┌────────

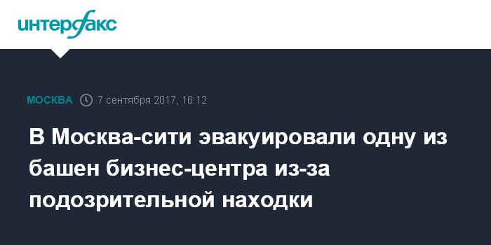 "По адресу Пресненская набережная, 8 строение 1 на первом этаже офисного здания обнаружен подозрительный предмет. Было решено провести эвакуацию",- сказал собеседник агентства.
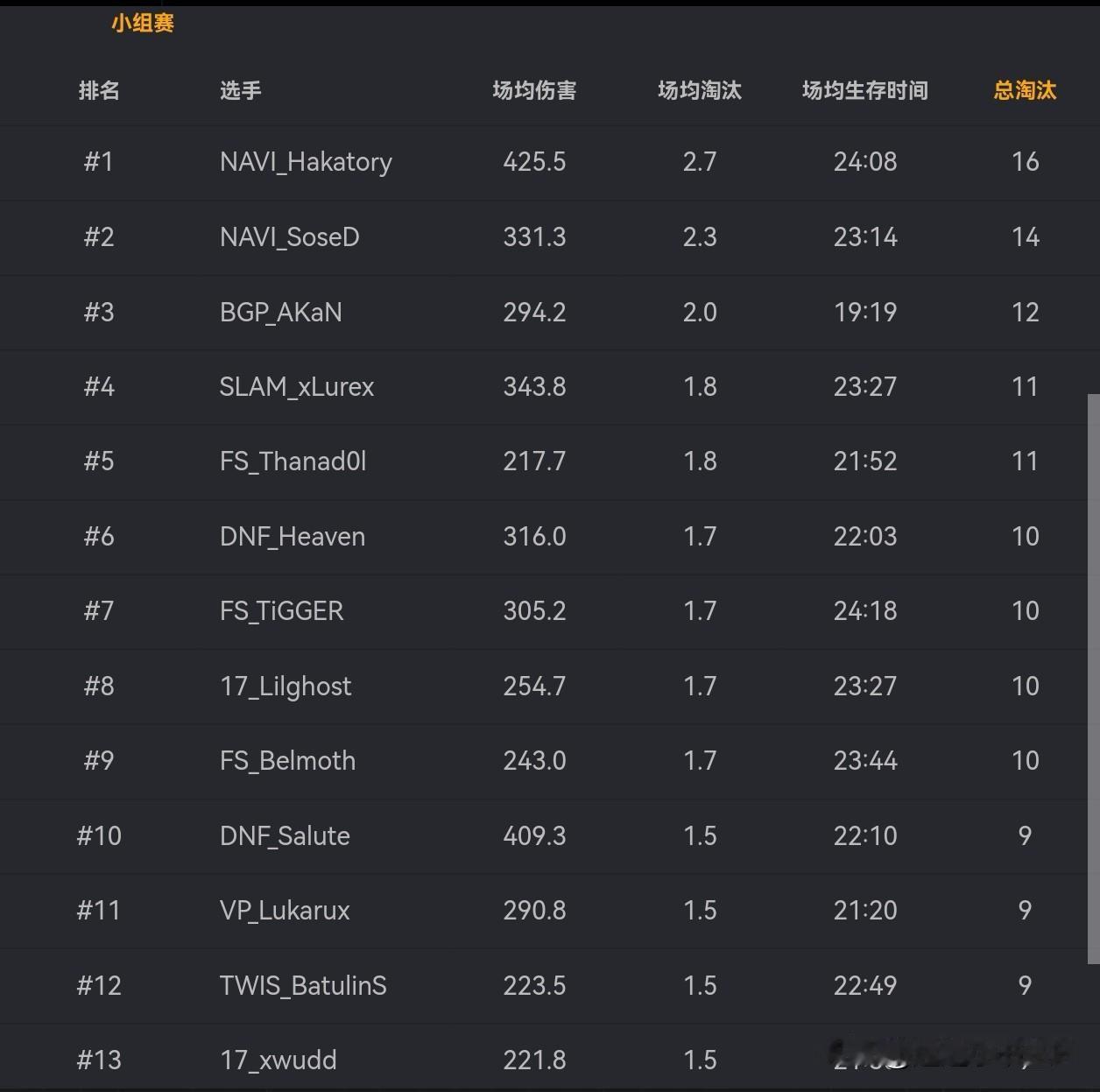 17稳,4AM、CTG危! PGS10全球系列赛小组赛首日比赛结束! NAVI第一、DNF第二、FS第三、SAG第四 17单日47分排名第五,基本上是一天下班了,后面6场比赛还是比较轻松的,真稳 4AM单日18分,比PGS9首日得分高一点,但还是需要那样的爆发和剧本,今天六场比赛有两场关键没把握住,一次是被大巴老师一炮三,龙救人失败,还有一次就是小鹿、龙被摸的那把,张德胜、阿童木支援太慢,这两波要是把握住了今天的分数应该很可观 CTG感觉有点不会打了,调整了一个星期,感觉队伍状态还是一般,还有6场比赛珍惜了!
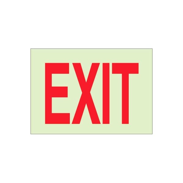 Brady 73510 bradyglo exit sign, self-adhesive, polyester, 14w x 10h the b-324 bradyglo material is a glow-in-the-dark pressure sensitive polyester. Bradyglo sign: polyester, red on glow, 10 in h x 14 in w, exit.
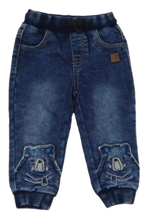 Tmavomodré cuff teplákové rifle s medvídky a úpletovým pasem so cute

└────────
┌────────

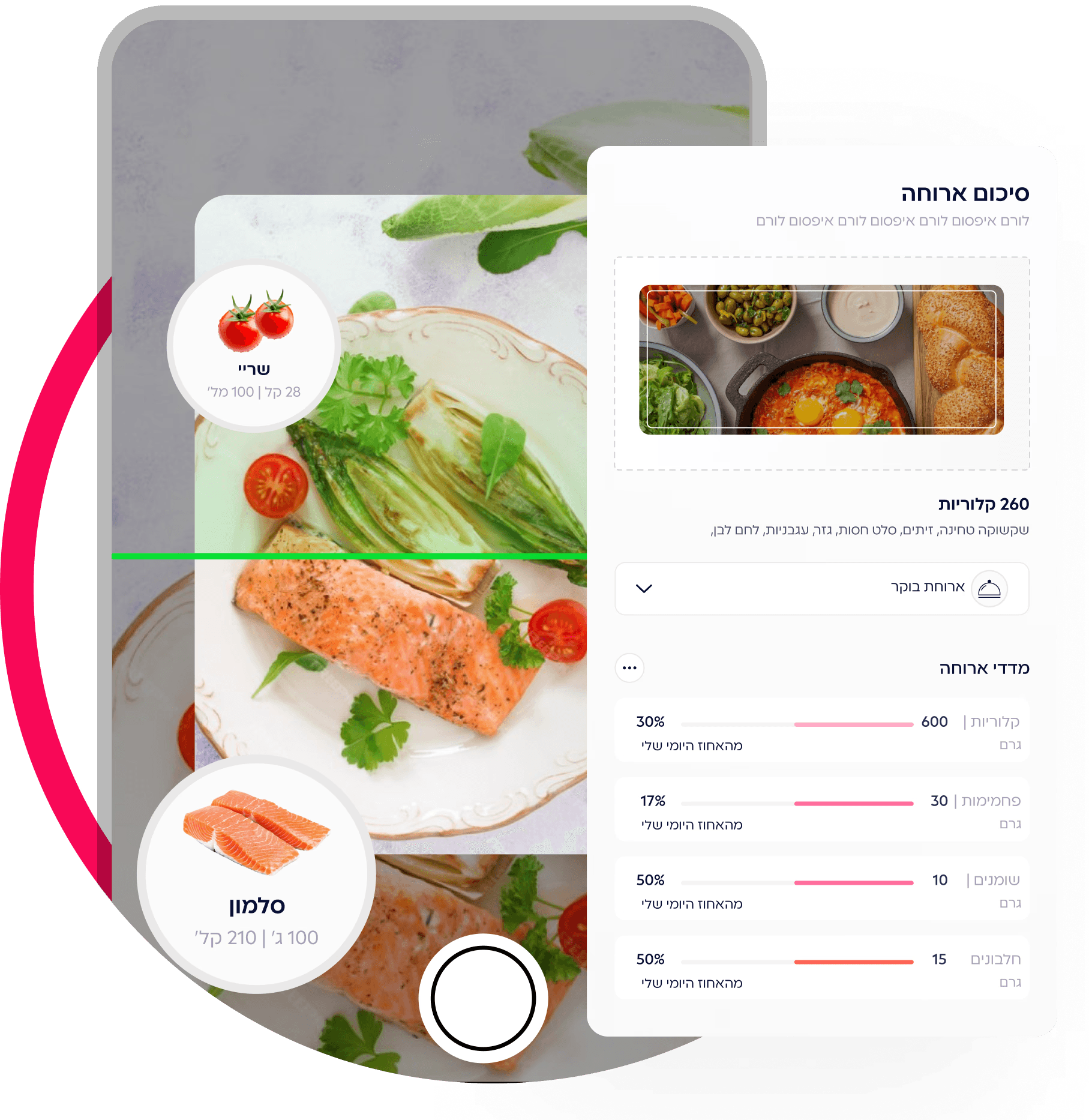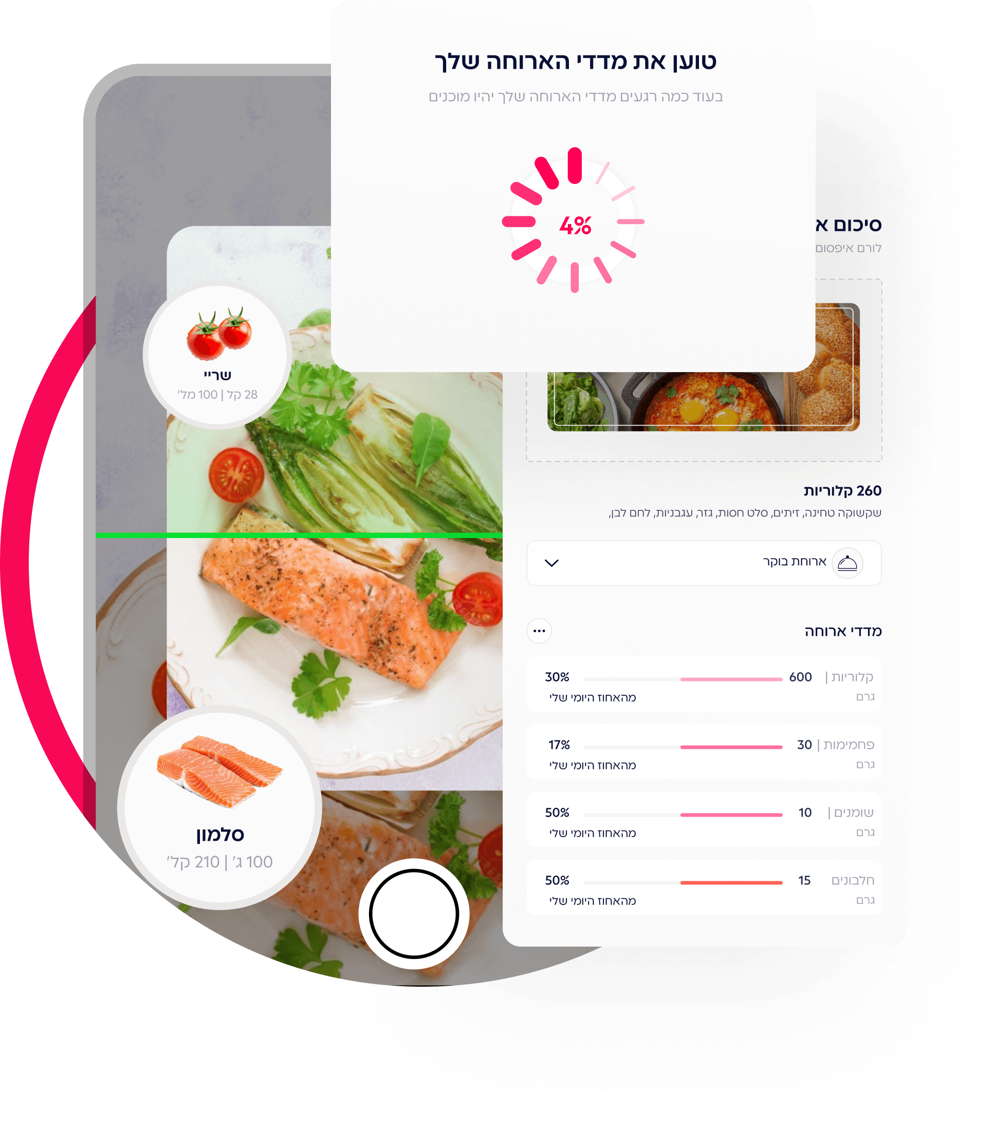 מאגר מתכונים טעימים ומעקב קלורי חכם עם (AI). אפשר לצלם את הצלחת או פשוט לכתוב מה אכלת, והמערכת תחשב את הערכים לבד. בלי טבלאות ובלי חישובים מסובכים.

└────────

■ **TASK ITEM**
Exact copy, no pictures. Write out the lines in the entries above, starting with the line with "17稳,4AM、CTG危! PGS10全球系列赛小组赛首日比赛结束! NAVI第一、DNF第二、FS第三、SAG第四" and going on through the line with "Tmavomodré cuff teplákové", keeping both.

■ **EXERCISE RESULT**
 17稳,4AM、CTG危! PGS10全球系列赛小组赛首日比赛结束! NAVI第一、DNF第二、FS第三、SAG第四 17单日47分排名第五,基本上是一天下班了,后面6场比赛还是比较轻松的,真稳 4AM单日18分,比PGS9首日得分高一点,但还是需要那样的爆发和剧本,今天六场比赛有两场关键没把握住,一次是被大巴老师一炮三,龙救人失败,还有一次就是小鹿、龙被摸的那把,张德胜、阿童木支援太慢,这两波要是把握住了今天的分数应该很可观 CTG感觉有点不会打了,调整了一个星期,感觉队伍状态还是一般,还有6场比赛珍惜了!
 Brady 73510 bradyglo exit sign, self-adhesive, polyester, 14w x 10h the b-324 bradyglo material is a glow-in-the-dark pressure sensitive polyester. Bradyglo sign: polyester, red on glow, 10 in h x 14 in w, exit.
 Tmavomodré cuff teplákové rifle s medvídky a úpletovým pasem so cute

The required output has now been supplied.